Arguments With Bears


While the Dow Industrials and Dow Transports reached all-time highs in late April, neither average has broken decisively to the upside. Broader stock-market measures also remain stuck in trading ranges, and indexes of small-company stocks are near three-month lows.

Bears argue the stock market has stagnated this year for the same reasons that yields on 10-year Treasury bonds are near six-month lows below 2.6%: The U.S. economy and corporate profits are faltering, and the world is a mess.

It's hard to argue with their assessment of global affairs. If the conflicts in Ukraine or Syria deteriorate into broader regional wars or disrupt energy supply chains, the hit to the global economy could be substantial. But, on present trends, neither conflict seems likely to pose a major threat to U.S. corporate earnings, at least in the short term.

We mostly disagree with the bears regarding the state of the U.S. economy, as recent indicators suggest the U.S. is poised for solid near-term growth. The Dow Transports and Morgan Stanley Cyclical Index, both trading near all-time highs and up nearly 9% over the past six months, seem to support our side of the argument.

The median company in the broad S&P 1500 Index posted 5.3% year-to-year growth in per-share earnings in its most recent quarterly report. The median sales change was 5.1%. While those growth rates are below the respective norms of 9.1% and 6.1% since 1994, most U.S. companies are growing.

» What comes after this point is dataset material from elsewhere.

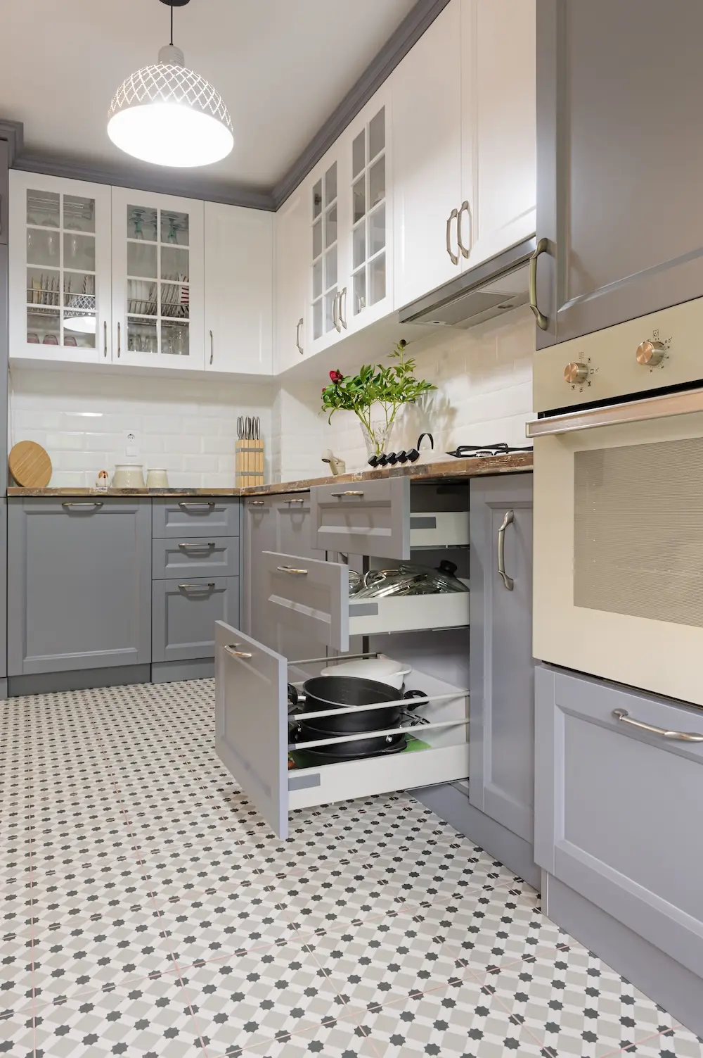 More homeowners also are contrasting their kitchen cabinets in following the two-tone trend—choosing one shade for the upper cabinets and one for the lower.

Moreover, it's not clear why bond yields have dropped, as there are several plausible explanations beyond a faltering U.S. economy. First, U.S. inflation is low, with the Federal Reserve's preferred measure of inflation up 1.1% for the 12 months ended March — below the Fed's 2.0% target. Second, foreign bond yields are dropping, partly on expectations of further monetary easing in Europe.

Also, the yield spread between corporate bonds and Treasury bonds typically widens when investors are anticipating a weakening economy. That spread is narrowing. The spread between long- and short-term bonds, which typically shrinks in anticipation of a recession, has narrowed somewhat but remains well above long-term norms.


Secondary reactions can occur anytime, even after bull-market confirmations. A typical one-third to two-thirds retracement of the advance since Feb. 3 would put the Industrials at 15,775 to 16,178. For the Transports, the equivalent range is 7,283 to 7,513. We'd view a pullback into these ranges as a correction in an ongoing bull market. Our buy lists have 94% to 96% in stocks.